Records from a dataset
____

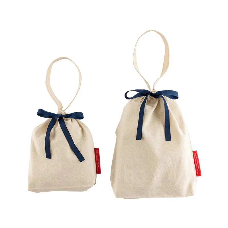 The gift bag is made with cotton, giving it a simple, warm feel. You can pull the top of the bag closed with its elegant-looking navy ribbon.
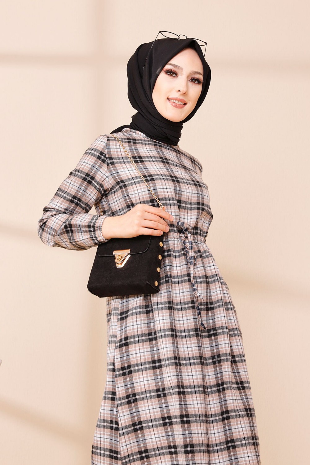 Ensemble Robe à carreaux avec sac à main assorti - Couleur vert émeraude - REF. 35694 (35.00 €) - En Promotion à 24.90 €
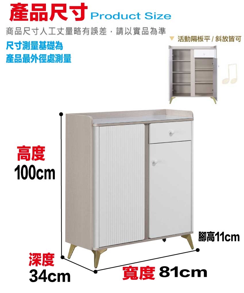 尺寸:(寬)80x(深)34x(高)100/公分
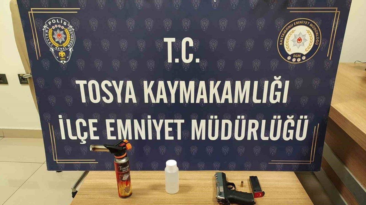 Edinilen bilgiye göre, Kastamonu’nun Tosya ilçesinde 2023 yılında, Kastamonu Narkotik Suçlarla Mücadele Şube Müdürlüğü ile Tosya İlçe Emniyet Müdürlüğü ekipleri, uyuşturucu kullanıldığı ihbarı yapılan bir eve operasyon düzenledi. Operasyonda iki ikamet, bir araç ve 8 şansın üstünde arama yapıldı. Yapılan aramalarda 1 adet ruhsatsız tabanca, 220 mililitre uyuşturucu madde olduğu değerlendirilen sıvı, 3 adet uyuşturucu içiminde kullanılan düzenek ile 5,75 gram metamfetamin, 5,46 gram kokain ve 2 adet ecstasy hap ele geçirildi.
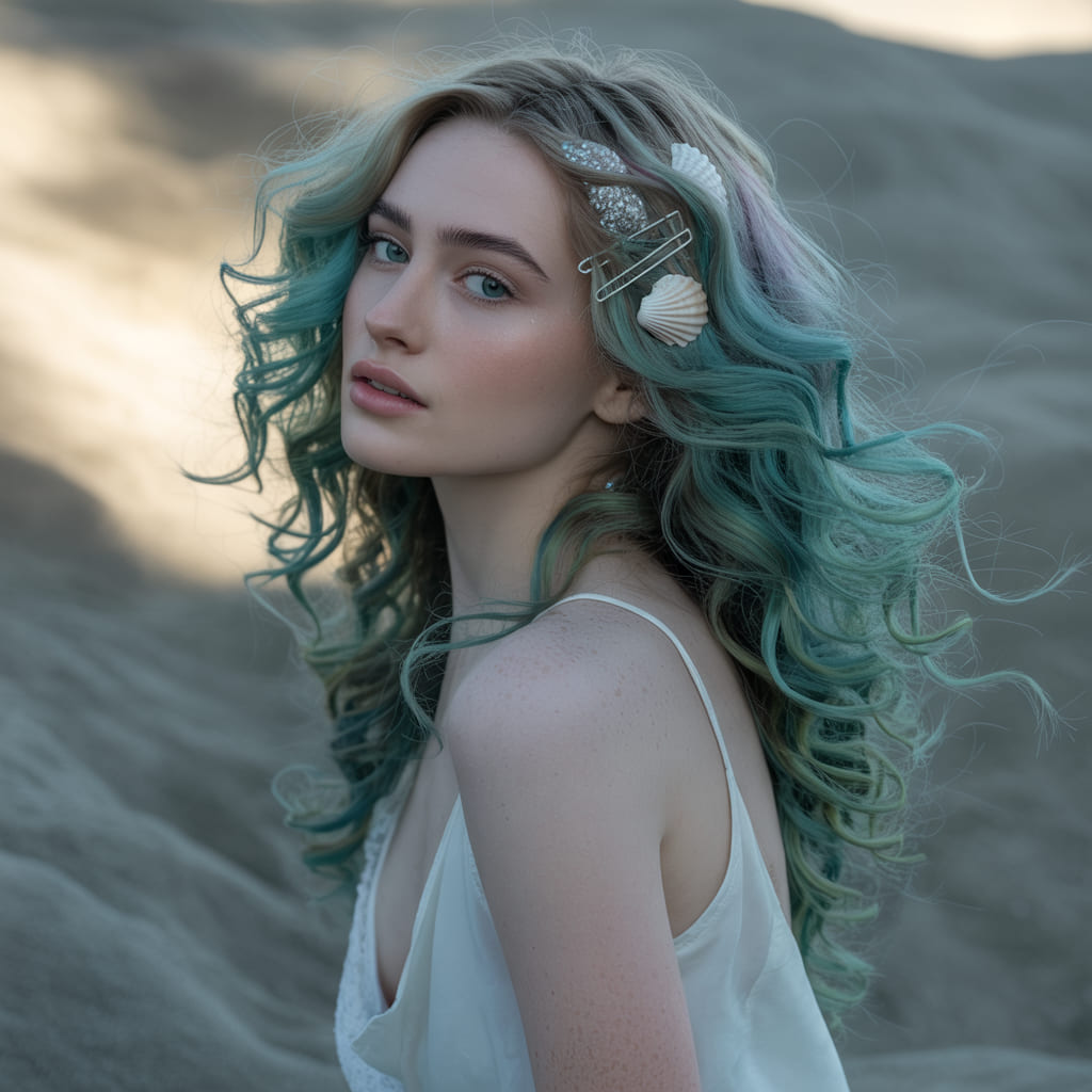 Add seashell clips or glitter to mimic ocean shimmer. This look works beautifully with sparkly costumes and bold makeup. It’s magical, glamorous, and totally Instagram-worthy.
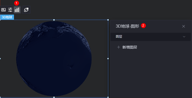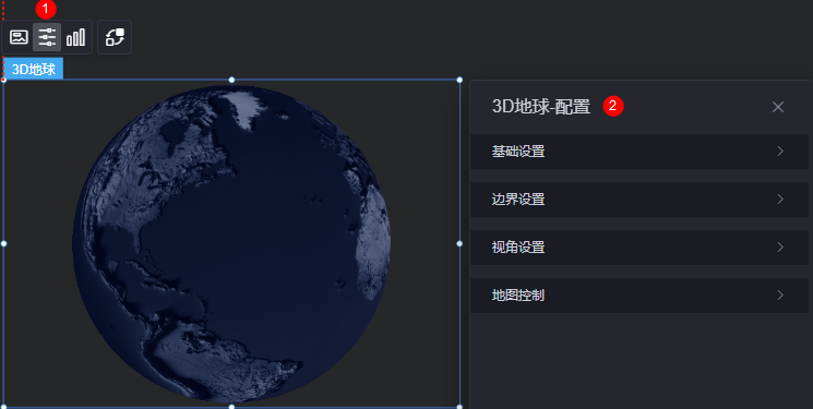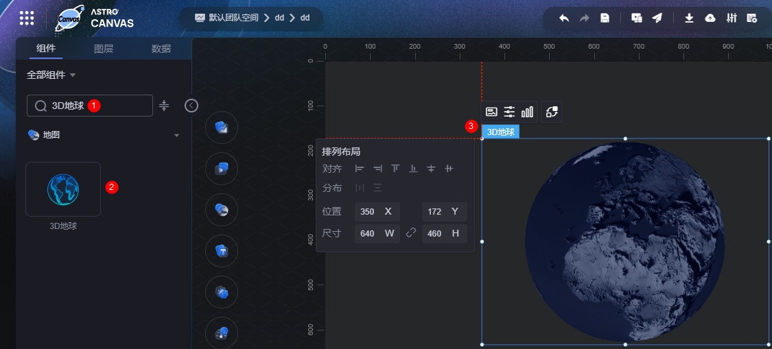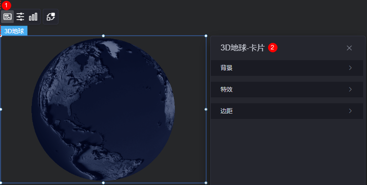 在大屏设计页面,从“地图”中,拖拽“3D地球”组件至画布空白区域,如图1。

____

• **Exercise**
Although the records above contain pictures, your copy should give only their text, exactly as written.

• **Answer area**
 The gift bag is made with cotton, giving it a simple, warm feel. You can pull the top of the bag closed with its elegant-looking navy ribbon.
 Ensemble Robe à carreaux avec sac à main assorti - Couleur vert émeraude - REF. 35694 (35.00 €) - En Promotion à 24.90 €
 尺寸:(寬)80x(深)34x(高)100/公分
 Edinilen bilgiye göre, Kastamonu’nun Tosya ilçesinde 2023 yılında, Kastamonu Narkotik Suçlarla Mücadele Şube Müdürlüğü ile Tosya İlçe Emniyet Müdürlüğü ekipleri, uyuşturucu kullanıldığı ihbarı yapılan bir eve operasyon düzenledi. Operasyonda iki ikamet, bir araç ve 8 şansın üstünde arama yapıldı. Yapılan aramalarda 1 adet ruhsatsız tabanca, 220 mililitre uyuşturucu madde olduğu değerlendirilen sıvı, 3 adet uyuşturucu içiminde kullanılan düzenek ile 5,75 gram metamfetamin, 5,46 gram kokain ve 2 adet ecstasy hap ele geçirildi.
 Add seashell clips or glitter to mimic ocean shimmer. This look works beautifully with sparkly costumes and bold makeup. It’s magical, glamorous, and totally Instagram-worthy.
 在大屏设计页面,从“地图”中,拖拽“3D地球”组件至画布空白区域,如图1。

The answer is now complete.